Reduce mem consumption in unique() of polars

Bessie11 · June 26, 2023, 6:53pm

I am running a dataset that fits into RAM, but I am unable to run certain methods, such as .unique(), .drop_nulls(), and so on without getting an out of memory error. I am using Polars version 0.18.4 with 14GB of RAM on WSL. df.estimated_size() says my dataset is around 6GBs when I read it in. The schema of my data is:

index: Int64
first_name: Utf8
last_name: Utf8
race: Utf8
pct_1: Float64
pct_2: Float64
pct_3: Float64
pct_4: Float64

When I try to use .drop_nulls(), I get an out of memory error. To sidestep this, I wrote a custom function:

def iterative_drop_nulls(expr: pl.Expr, subset: list[str]) -> pl.LazyFrame:
    for col in subset:
        expr = expr.filter(~pl.col(col).is_null())

    return expr

df = df.pipe(iterative_drop_nulls, ["col1", "col2"]).collect()

However, I have not been able to think of a similar trick for .unique(). Is there a way to make .unique() take less memory? I have tried:

df = df.lazy().unique(cols).collect(streaming=True)

and

def unique(df: pl.DataFrame, subset: list[str], n_rows: int = 100_000) -> pl.DataFrame:
    parts = []
    for slice in df.iter_slices(n_rows=n_rows):
        parts.append(df.unique(slice, subset=subset))

    return pl.concat(parts)

For now, I am using pl.from_pandas(df.collect().to_pandas().drop_duplicates(subset=["col1", "col2"])). I am curious why Polars is not more memory efficient than Pandas in this case, and if there are any better solutions.

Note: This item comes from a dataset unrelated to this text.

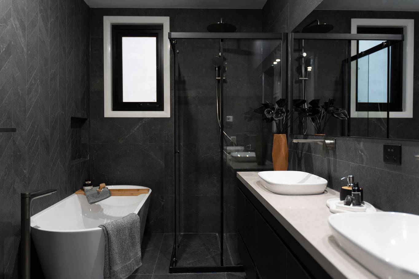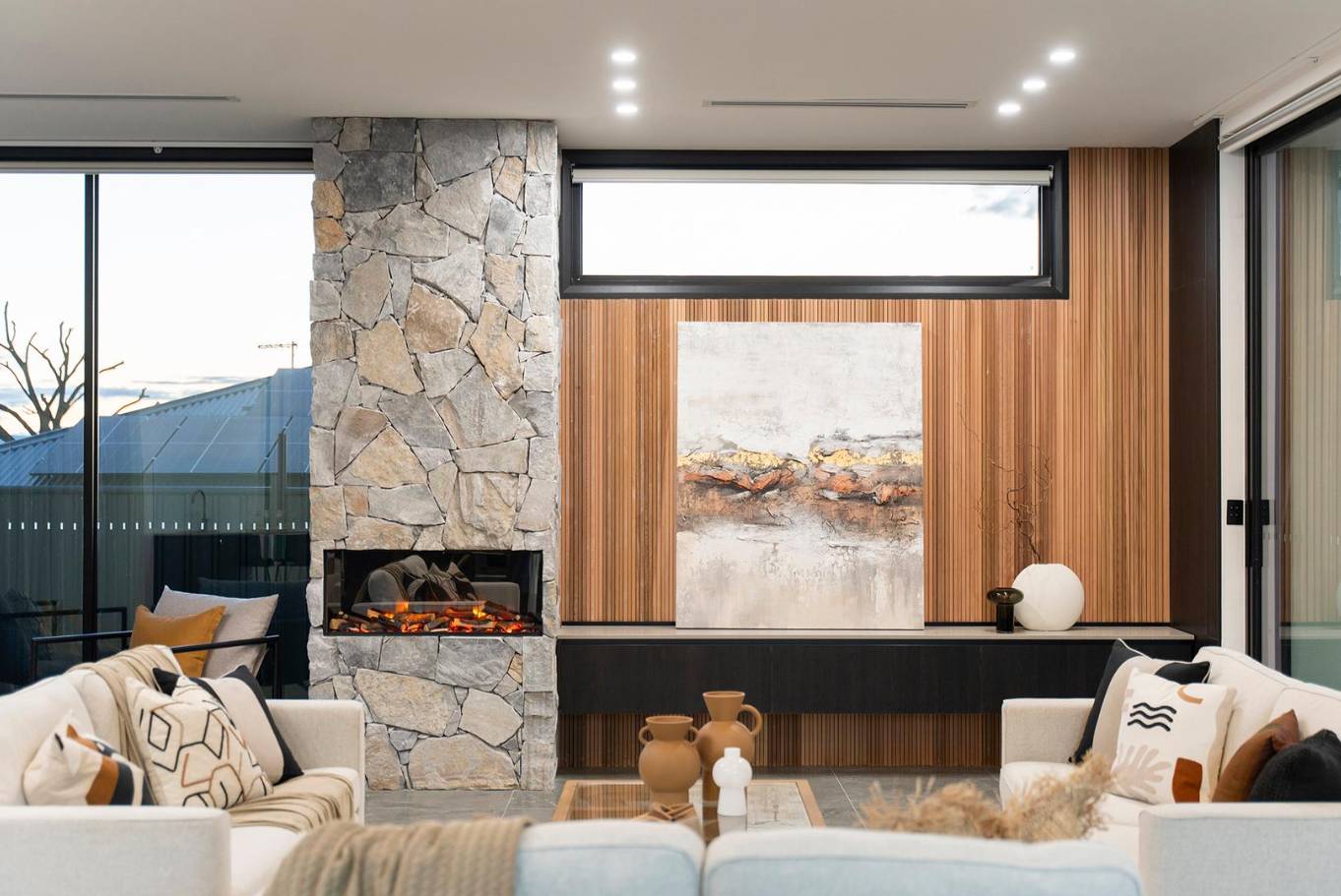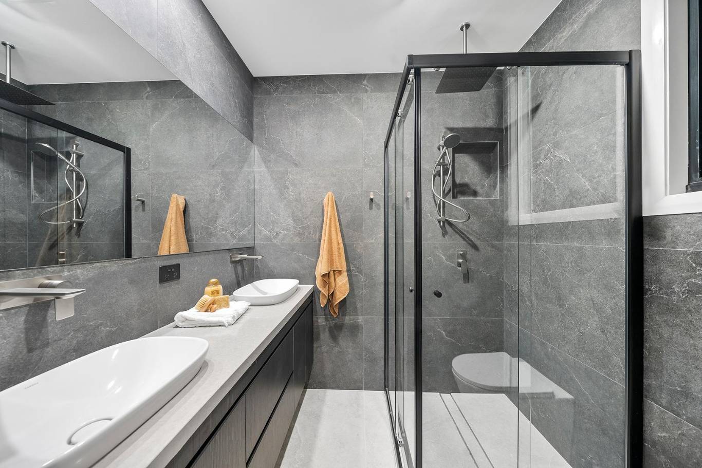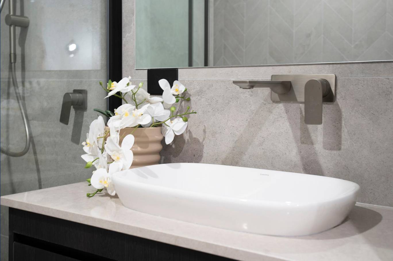 A masterclass in tonal minimalism, this project utilizes a palette of soft sands and muted greys to achieve a serene, organic feel. The stone-look porcelain in the wet areas offers a robust, low-maintenance solution for the modern Australian home without compromising on architectural elegance.

Demarcus93 · June 27, 2023, 9:52am

The issue you are facing is that certain methods like .unique() and .drop_nulls() in Polars are causing out of memory errors even though your dataset fits into RAM. To address this, you have already written a custom function iterative_drop_nulls() to handle the .drop_nulls() operation.

For the .unique() operation, you have tried a couple of approaches, but they did not work as expected. Currently, you are using a workaround by converting the DataFrame to a Pandas DataFrame and using the drop_duplicates() method there.

It is worth noting that Polars may not be as memory-efficient as Pandas in this specific case. However, there might be alternative solutions to improve memory efficiency.

Unfortunately, there is no direct answer to your question as it requires more investigation and analysis of the dataset and the specific operations being performed. It is recommended to check the Polars documentation, raise an issue on the Polars GitHub repository, or seek help from the Polars community to address this memory efficiency concern and explore potential solutions.